WHAT IS EXPECTED ->
Take the line that holds "[Star] Jam Tangan" and every line after it to the end of the entries, and repeat them exactly without the pictures.

Records from a data collection
--

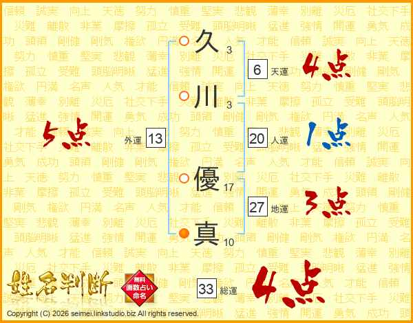 久川優真さんの総運は33画の4点!
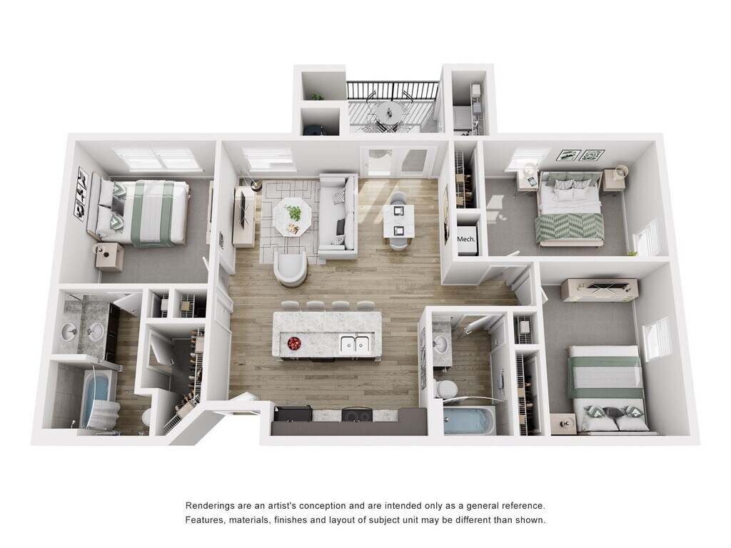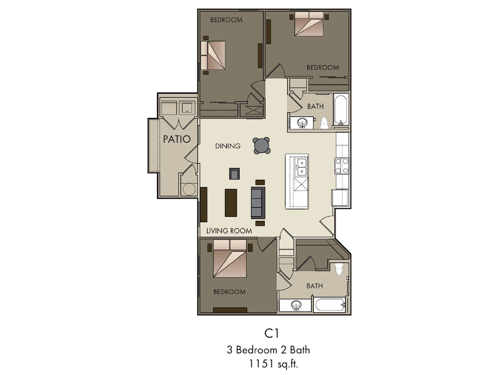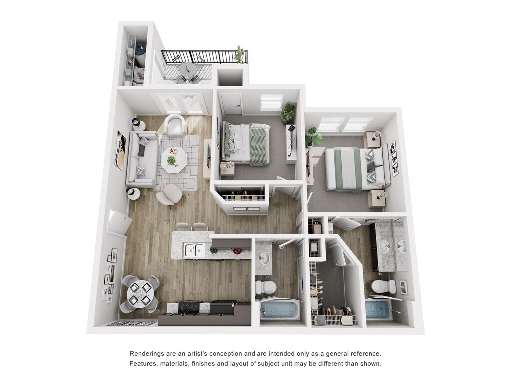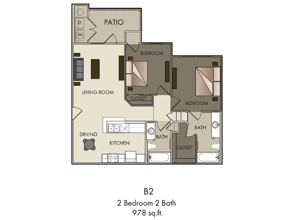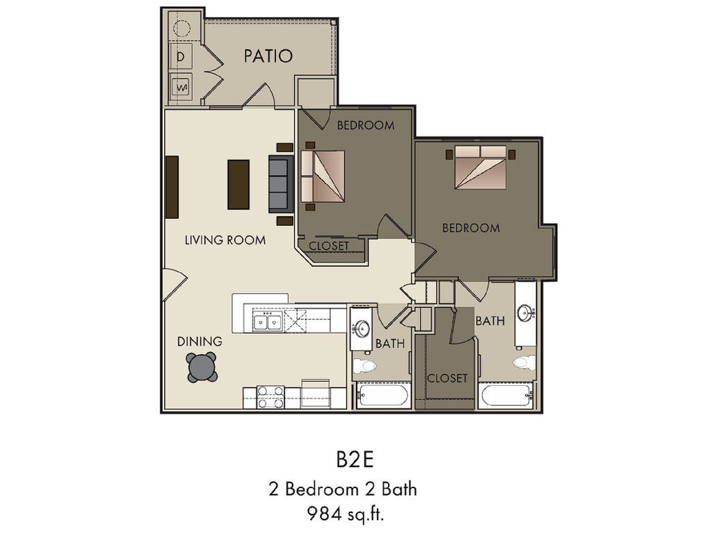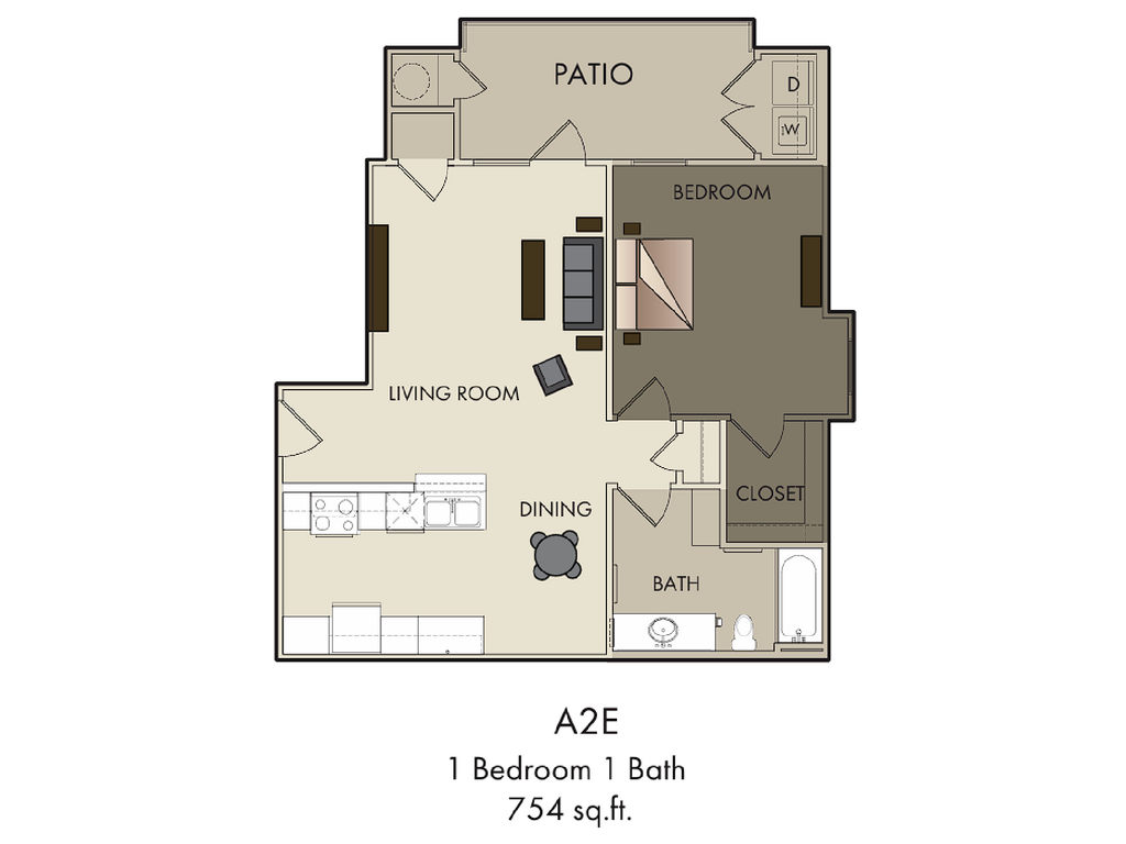 Modelo de apartamento: A2Desde $1,1731 Dormitorio, 1 Baño, 746 sq ftDisponible Ahora![]()
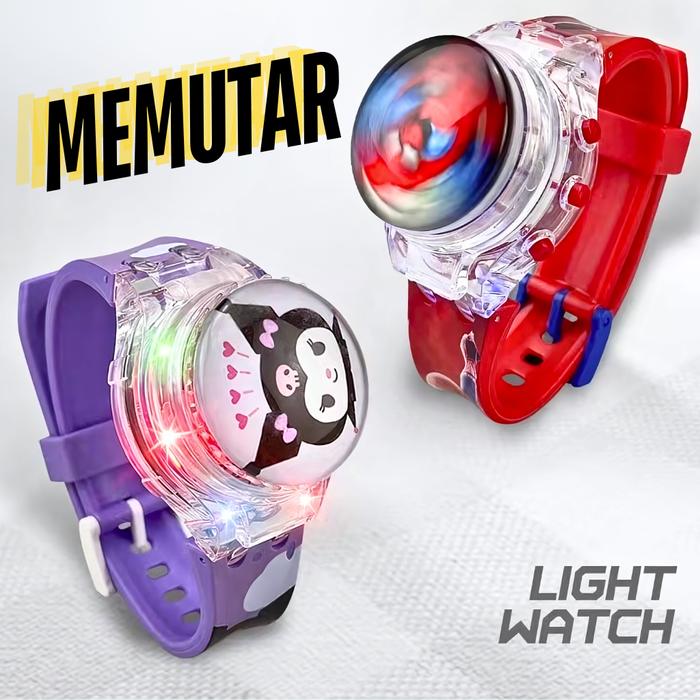 [Star] Jam Tangan Anak Karakter Musik Lampu Spin Putar LED Digital Watch Melody Kuromi Cinnamoroll Memutar Light Watch -
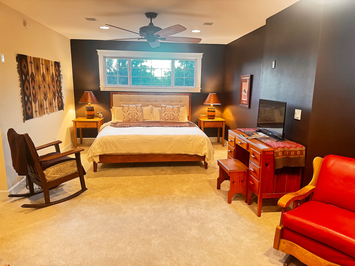 Genieße unsere neu renovierte Gästesuite, perfekt für kurze Aufenthalte von max. 26 Nächten. Cool Blue Waters ist perfekt für Geschäftsreisende, Familien und Hundeliebhaber geeignet. Wir sind zentral im Herzen des historischen Grants Pass gelegen. Die Gästesuite ist an das Haus deines Gastgebers angeschlossen und umfasst: Queensize-Bett, Bürobereich, WLAN, Fernseher, Futon-Couch/Klappbett, begehbarer Kleiderschrank, Küchenzeile mit Kaffee und Frühstücksartikeln, privates Badezimmer, Pflegeprodukte, Pool und privater Terrassenbereich.
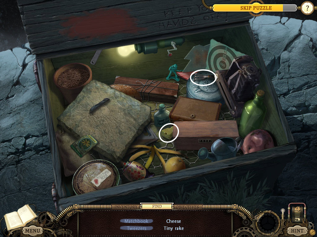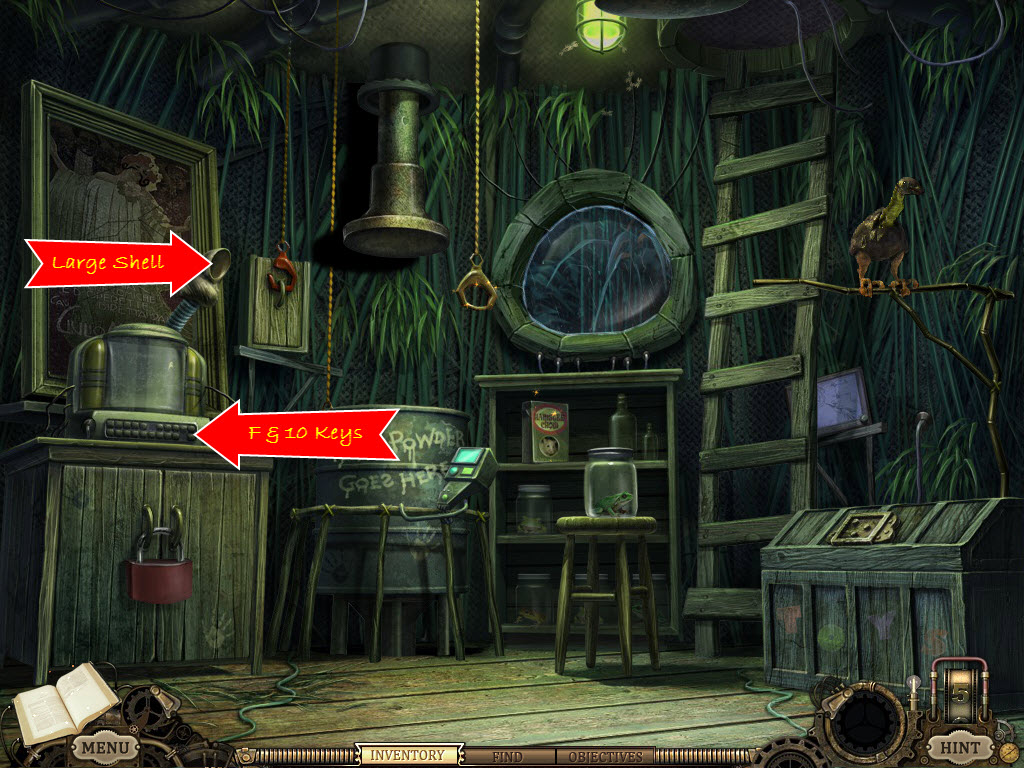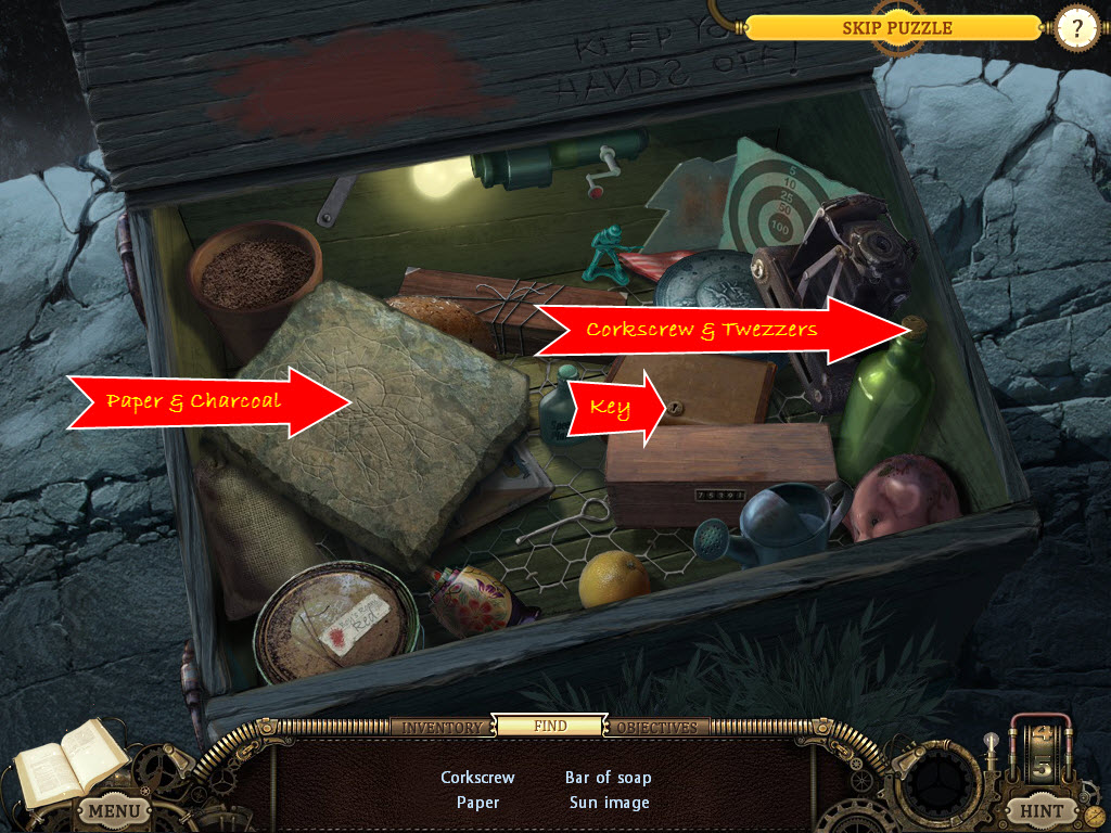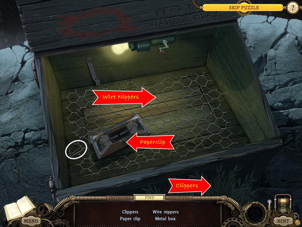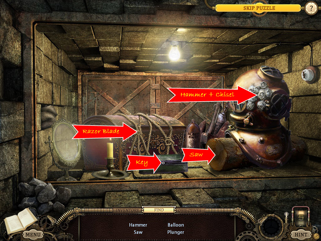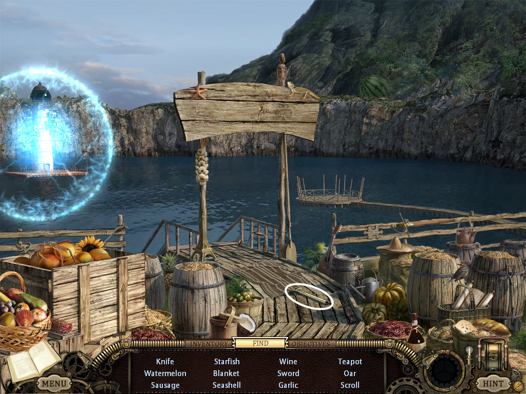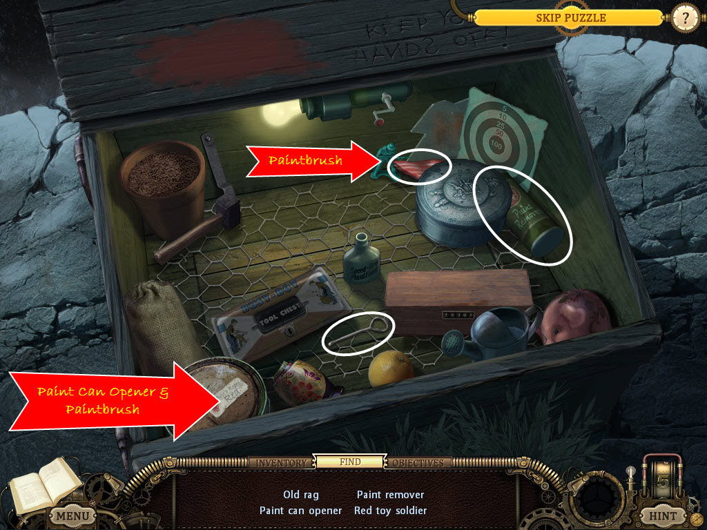 - Find - This list the objects you need to find in hidden object mode. You click an item in the list to see a silhouette.

--

RESPONSE ->
 [Star] Jam Tangan Anak Karakter Musik Lampu Spin Putar LED Digital Watch Melody Kuromi Cinnamoroll Memutar Light Watch -
 Genieße unsere neu renovierte Gästesuite, perfekt für kurze Aufenthalte von max. 26 Nächten. Cool Blue Waters ist perfekt für Geschäftsreisende, Familien und Hundeliebhaber geeignet. Wir sind zentral im Herzen des historischen Grants Pass gelegen. Die Gästesuite ist an das Haus deines Gastgebers angeschlossen und umfasst: Queensize-Bett, Bürobereich, WLAN, Fernseher, Futon-Couch/Klappbett, begehbarer Kleiderschrank, Küchenzeile mit Kaffee und Frühstücksartikeln, privates Badezimmer, Pflegeprodukte, Pool und privater Terrassenbereich.
 - Find - This list the objects you need to find in hidden object mode. You click an item in the list to see a silhouette.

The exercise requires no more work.